BP Executive Shares Blame With Contractors





NEW ORLEANS — On the second day of testimony in the Gulf of Mexico oil spill trial, BP’s top executive for North American operations at the time of the disaster insisted that his company was not solely to blame and shared responsibility for the accident with its contractors.




Lamar McKay, the former president of BP America and current chief executive in charge of global upstream operations, faced questioning on Wednesday from lawyers from Transocean, the Deepwater Horizon rig, and Halliburton, the cement provider, who insisted that BP was ultimately responsible for the accident.


“We agreed that we are part of the responsibility for this tragic accident,” Mr. McKay said on the stand. “We were part of the cause of the accident, yes.”


Don Godwin, Halliburton’s lawyer, argued that had tests that BP had misinterpreted shown that the cement that sealed the well was defective, the cement could have been fixed and the accident would not have happened.


“We agreed there were misinterpretations,” Mr. McKay said. “That was one of the causes.” But he added that BP depends on its contractors.


On Tuesday, Mr. McKay acknowledged that a well explosion had been identified as a risk before it happened.


“There was a risk identified for a blowout,” he said. “The blowout was an identified risk, and it was a big risk, yes.”


Robert Cunningham, a lawyer for private plaintiffs, tried to pin down Mr. McKay on BP’s responsibility for the 2010 disaster that killed 11 workers and dumped millions of barrels of oil into the gulf. Mr. Cunningham suggested that the British company’s cost-cutting and risk-taking culture were at the heart of the explosion and spill. He pressed Mr. McKay on the fact that a BP report on the accident held contractors responsible, but did not cite management failures.


Mr.
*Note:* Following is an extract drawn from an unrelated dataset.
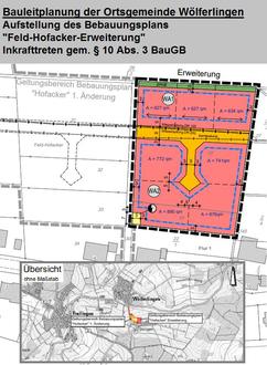 Der Bebauungsplan „Feld-Hofacker-Erweiterung“ wurde in der Sitzung des Ortsgemeinderates Wölferlingen vom 31.08.2022 gemäß § 10 Abs. 1 des Baugesetzbuchs (BauGB) als Satzung beschlossen. Dieser Beschluss wird hiermit gemäß § 10 Abs. 3 BauGB ortsüblich bekannt gemacht.

McKay repeatedly responded that BP was responsible for designing the well, but that the rig, cement and other contractors shared responsibility for safety on the drilling operations.


“It’s a team effort,” he said. “It’s a shared responsibility to manage the safety and risk.” There was little, if anything, in his comments that diverged from what BP executives have said in the past.


The Federal District Court trial in New Orleans combines suits brought by the Justice Department, state governments, private businesses and individual claimants against BP and several of its contractors. Decisions on culpability and damages could be a year or more away, but they are likely to have profound effects on environmental law and on the viability of BP as a major oil company with global ambitions.